Select lid mutants alter proteasome subparticle localization. Lid mutants were grown in minimal medium to log phase and imaged by fluorescence microscopy; three replicates of at least 100 cells were counted. Two-way ANOVA was used to determine statistical significance of differences in localization (****P<0.0001; ns, not significant). Scale bar: 5 μm. Yeast strains used: MHY6956, MHY6954, MHY6377, MHY9583, MHY6938, MHY9581 and MHY9172. Pre1-mCherry (quantified here) and Rpn2-mCherry images are shown in Fig. S4.

Fig. 6.

High levels of Sts1 rescue certain lid mutant mislocalization and growth defects. (A) Yeast was grown in SD–Trp and imaged by fluorescence microscopy; three replicates of at least 100 cells were counted. Two-ANOVA was used to determine statistical significance of differences in localization (****P<0.0001; ns, not significant). Scale bar: 5 μm. The indicated mutant yeast expressed Rpn5-GFP and was transformed with either p414GPD (empty vector) or p414GPD-STS1. Strains used: MHY6964, MHY9583 and MHY9174. (B) Serial dilution growth assays. Matched wild-type (WT) and mutant transformants were grown as follows, from left to right: SD –Trp –Arg+1 µM canavanine, 34°C (5 days); SD–Trp, 30°C (5 days); and SD–Trp, 34°C (2 days). Strains used: MHY500, MHY5748, MHY9509 and MHY9134. (C) Recombinant GST-Srp1–Sts1-6His complex (1 μM) was immobilized on glutathione (GSH) resin and incubated with 1 μM purified CP, RP, 26S proteasome or 26S proteasomes reconstituted from RP and CP (‘RP+CP’) to detect interactions. All input complexes were isolated from yeast using anti-Flag affinity purifications.
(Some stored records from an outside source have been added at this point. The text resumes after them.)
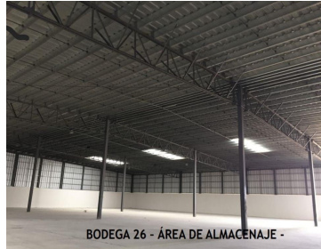
BODEGA 26 - ÁREA DE ALMACENAJE -
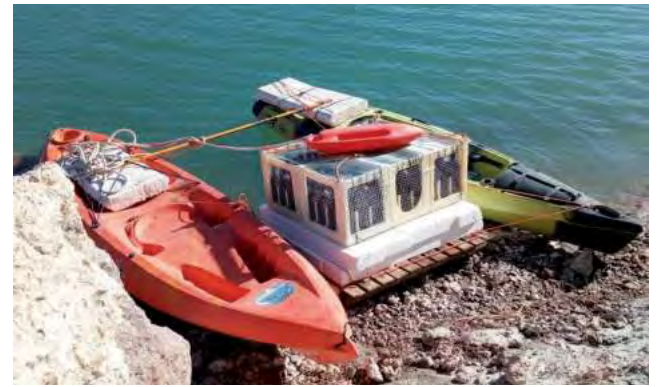
Los envases estarán en el fondo del río durante un año, a unos 7 metros de profundidad.

El Ente Provincial del Río Colorado (EPRC) informó en su página de Facebook que el grupo de amigos que el año pasado añejó 72 botellas de un vino pampeano en el lecho del río Colorado, muy cerca de Casa de Piedra, volvió a repetir la experiencia a principios de mayo, solo que esta vez sumergió un número mucho mayor: 288 botellas.
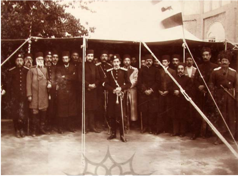
میدان مشق تبریز ۱۳۳۳.
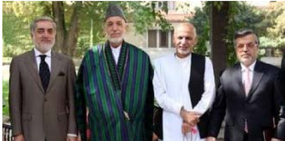
رییس جمهور مبنی تصفیة کابل بانک و اصلاحات در نهادهای عدلی و قضایی صورت گرفته است؛ اما هیچ اقدامی از سوی شخص رییس اجرایی که بیانگر اجرایی توافق سیاسی باشد، صورت نگرفته است.

استاد سیحون تأکید کرد، تنها چند اقدام از سوی
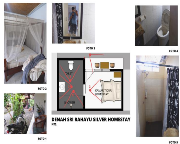
Gambar 5. Analisis Karakteristik Arsitektur Sri Rahayu Silver Homestay

Proteins from the GST pulldowns (PD) were examined by anti-Flag immunoblotting.

Fig. 7.

The sts1-DD mutant induces 26S proteasome mislocalization in vivo. Microscopy was performed as in Fig. 5A. Yeast was transformed with either empty vector (p414GPD) or p414GPD-sts1-DD. Lid and base were examined in panel A, while lid and CP were imaged in panel B. Two-ANOVA was used to determine statistical significance of differences (****P<0.0001; ns, not significant). Scale bars: 5 μm. Strains used were MHY6966, MHY6964, MHY6956 and MHY6954.

Fig. 8.

Model of Sts1 degradation and function in proteasome nuclear import. Cytoplasmic 26S proteasomes are transported into the nucleus via Sts1. The bipartite NLS in Sts1 binds Srp1 (karyopherin α), and the complex of proteasome–Sts1–Srp1 can then interact with karyopherin β (Kap95), which promotes import of the complex through the NPC. Sts1, in complex with Srp1, appears to bind more efficiently to fully assembled 26S proteasomes than to proteasomal subparticles, although Sts1 can also promote lid import when Sts1 is overproduced. In the nucleus, RanGTP binding breaks up the import complex. It is possible that this is insufficient for Sts1 release from Srp1, requiring the Cdc48^Ubx4 segregase (Chien and Chen, 2013) or other factors to fully dissociate it. When Srp1 is removed from the disordered Sts1 N-terminal domain, Sts1 is degraded by the proteasome to which it is bound.